Most teams can now assemble an agent harness: tool calling, retries, monitoring, guardrails, basic evaluation. All of that is necessary, but it is not sufficient. The hard part is codifying scientific workflows at the right level of granularity. “Target nomination,” “candidate selection,” “protocol drafting,” and “safety signal triage” are not single problems but composites of dozens of micro-decisions, each with its own evidence requirements, failure modes, and organizational conventions. If you can’t decompose the workflow into constituent steps that are:

specific enough for an agent to follow,
constrained enough to be testable,
and explicit about what evidence qualifies as “done,”

then the harness will simply execute a vague plan more efficiently and you’ll still be stuck with outputs that drift, can’t be reviewed systematically, and don’t scale across teams.

2) You need partners who are fluent in scientific work, not just enterprise delivery

Productionizing R&D use cases requires a partner that can sit with a translational lead, a clinical scientist, a biostatistician, and an informatics team and accurately translate real scientific workflows into an executable specification. That demands deep familiarity with:

how evidence is generated and weighted in biomedical decisions,
which internal and external sources are authoritative for which sub-decisions,
how review gates operate in practice,
and where provenance, traceability, and reproducibility are non-negotiable.

This is where companies built specifically for scientific R&D have an inherent advantage: the combination of (i) scientific-grade information retrieval and evidence stitching, (ii) an agentic execution layer, and (iii) detailed workflow understanding that can be codified into repeatable steps.

The upside: scientists become architects, not human glue

A useful mental model is what’s happening in software engineering with agentic development. Senior/staff engineers are not typing faster - they’re directing, setting intent, defining constraints, reviewing diffs, and steering architecture while agents do large volumes of implementation work.

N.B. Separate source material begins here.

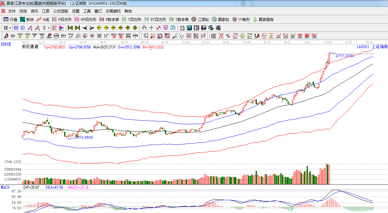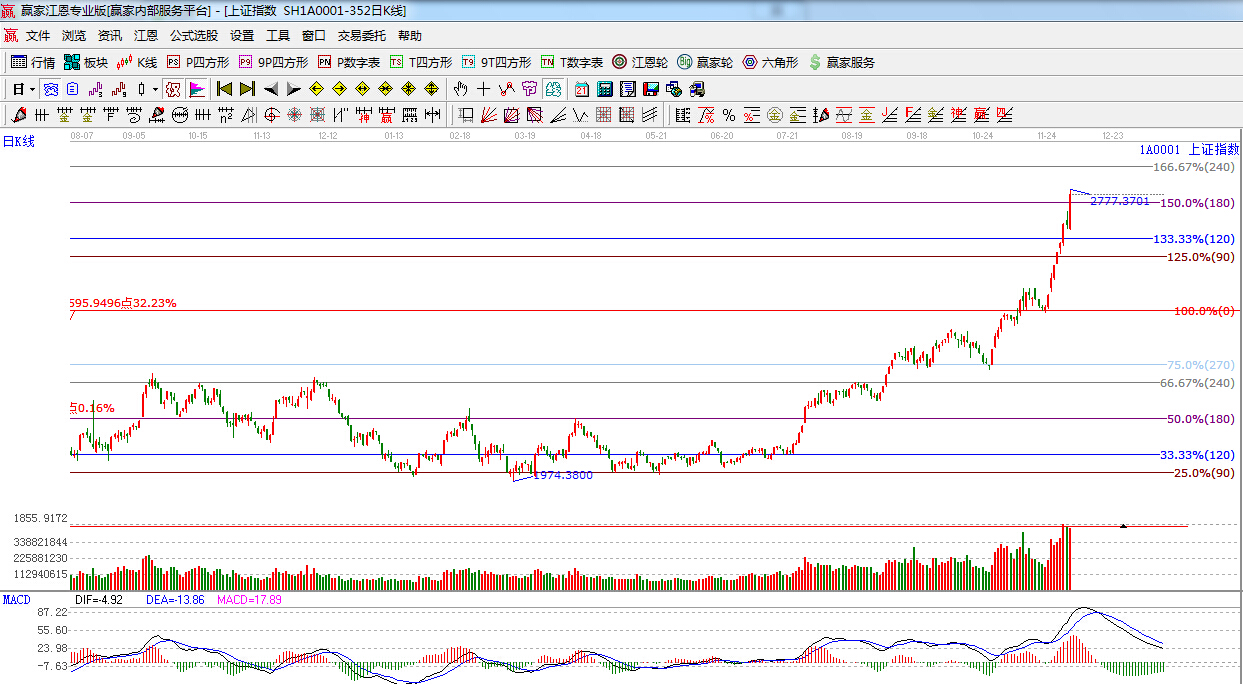 江恩看盤綜述:依據(jù)贏家江恩技術(shù)工具分析得出:市場自12月24日窗口降息以來,在金融權(quán)重的帶動下強(qiáng)勢上攻,今日強(qiáng)勢突破江恩180度2743點(diǎn),此位置轉(zhuǎn)換為支撐,明日此位置回踩不破,下一目標(biāo)位將是240度位置2842點(diǎn),操作上,可適當(dāng)逢低關(guān)注空氣治理、污水處理等概念股,尤其是具備高送轉(zhuǎn)預(yù)期的個(gè)股。

The R&D analog is powerful: scientists spend more time on hypothesis, tradeoffs, and decision quality—while agents execute the repeatable investigative steps, assemble evidence, and draft structured artifacts for review. That shift is the real prize of Phase 2: AI that reliably executes workflows, under human control, with outputs that an organization can trust. 2026 will be an unusually dynamic year for life sciences organizations adopting AI. The leaders who win will be the ones who treat agentification as workflow engineering: rigorous decomposition, explicit contracts, and partners who understand the scientific substrate deeply enough to make automation real.